Similar things have happened in other countries: for example, in Cameroon, in the largest prisons in the capital of the country which are notorious for their inhumanity, the director of their health services requested training for working with LGBTQ+ prisoners after being exposed to some of the data that were collected. After an initial training, they asked for the entire prison health staff to be trained. The hospitals we worked with there also began to develop plans to minimize the discrimination that trans people experience in the waiting rooms, mostly from other patients, but also from security guards, registration clerks, and nurses. 

So, ultimately, does this correct the larger structural piece of decriminalizing  homosexuality? No. But it's a positive step towards creating safer systems of care for LGBTQ+ people. You can't minimize how significant that is for people who have no other alternative. Nor can you minimize the number of new champions of the cause and allies that the project cultivated in these countries from journalists to government workers to nurses to employers.  

Dr. Miller's passion for her advocacy sparked on Fire Island Pines, a gay community off the coast of Long Island where she grew up. There, she witnessed firsthand the joy and celebration that comes with LGBTQ+ acceptance - as well as the devastating impact of the AIDS epidemic in the 1980s.

My parents rented a house on Fire Island from before I was born. All of my childhood, I witnessed men stepping off of the ferry after the long journey from New York City and onto the island as completely different people than had boarded the ferry on the mainland - the people they had been hiding all week long. 
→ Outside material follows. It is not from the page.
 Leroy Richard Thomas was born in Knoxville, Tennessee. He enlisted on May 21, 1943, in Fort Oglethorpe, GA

My parents eventually bought a house that had a tiny, decrepit room underneath it. The room had a hot water heater in it and a cot, was littered with mouse poop and draped in spider webs, and could only be accessed by jumping off the deck into a patch of poison ivy and then ducking to a near crawl under the deck. Sand prevented the door from closing. You could stand in the middle of the room and touch the walls. The former owner had rented it out summer after summer. Men paid money to sleep in that awful room because that was how badly they needed a place to feel like they could be themselves.

When we first started losing people to the AIDS crisis, they were people I had known since I was a child. Everyone did what we could to help - raise money, distribute condoms - but in the early years of the pandemic, so many people were dying, that we would have memorial services on the island every single day. I have several close friends who are gay men from this age group, and they are the only surviving members of their friendship groups from that era. 
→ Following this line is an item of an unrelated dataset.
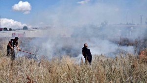 Erzurum'da boş alanda meydana gelen ot yangını bir anda her tarafın alev sarmasına neden oldu.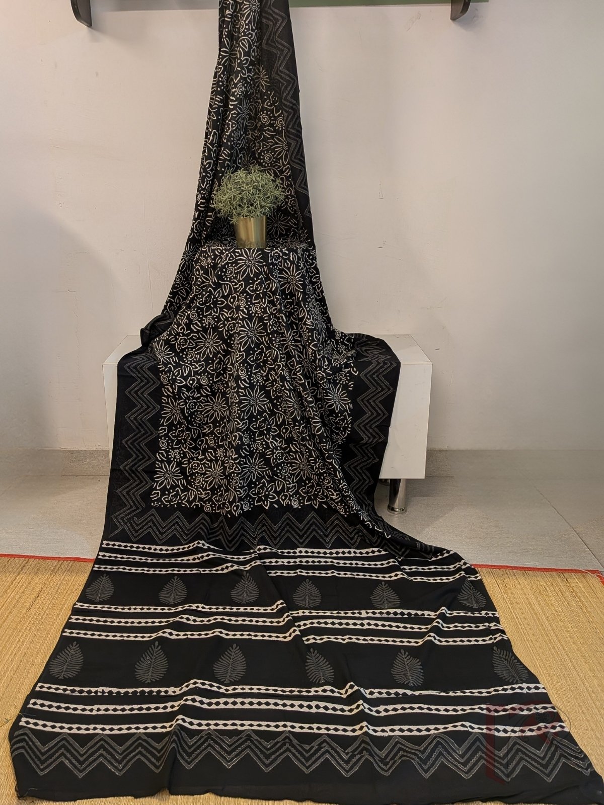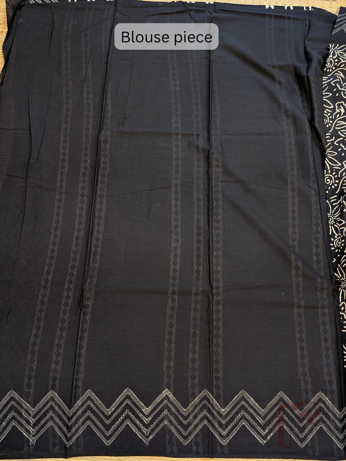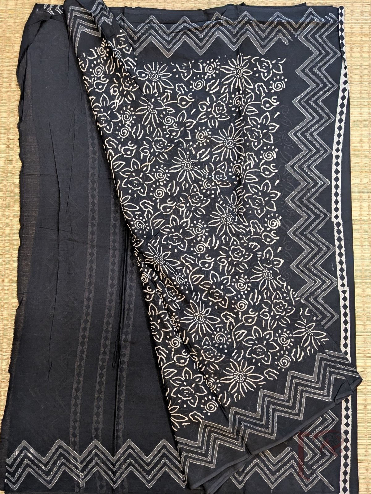 Graceful and contemporary, this black mulmul cotton saree features delicate white floral outline prints across the body, creating a soft contrast. The saree is framed with grey zigzag borders, forming a geometric rhythm that continues into the pallu with layered zigzag, white stripe, diamond, and leaf motifs. Crafted in fine soft mulmul cotton, the saree offers a light airy feel and elegant drape. The running blouse with grey zigzag border enhances the coordinated aesthetic, making this piece both refined and versatile.

When I worked for the Gay Men's Health Crisis in the 1980s and early 1990s, my fellow staff members died all of the time. In some cases, their parents wouldn't set foot in the hospital to visit them, even though it was clear they were at the end of their lives. And they were my age. So, what else would I do? This is the space I belong to, and the work that I'm meant to do. 

Finally, in recognition of the 40th anniversary of the HIV/AIDS epidemic, Dr. Miller notes the importance of addressing the structural inequalities that continue to drive new HIV infections in the US and globally. 

It is no secret that structural oppression shapes the public’s health. If you want to figure out who is most impacted by HIV in a given society, look for the intersections of oppression in that context. Disparities in exposure to sexually transmitted infections, whether HIV or any other infection, are facilitated by structural conditions such as poverty and systemic racism, sexism, and homophobia that unfairly concentrate diseases in certain communities and groups. These and other structural factors are why the HIV/AIDS epidemic in the US continues to disproportionately affect Black and Latinx people, gay and bisexual men, transgender women, sex workers, among others. 

A human rights perspective tells us that everyone is entitled to the societal resources that support their health and wellness and possesses the right to be free of stigma, discrimination, and violence. The persistence of epidemics like HIV reflects a fundamental lack of fairness in how our society operates on matters of wellness and in meeting our obligation to ensure these most basic rights and entitlements.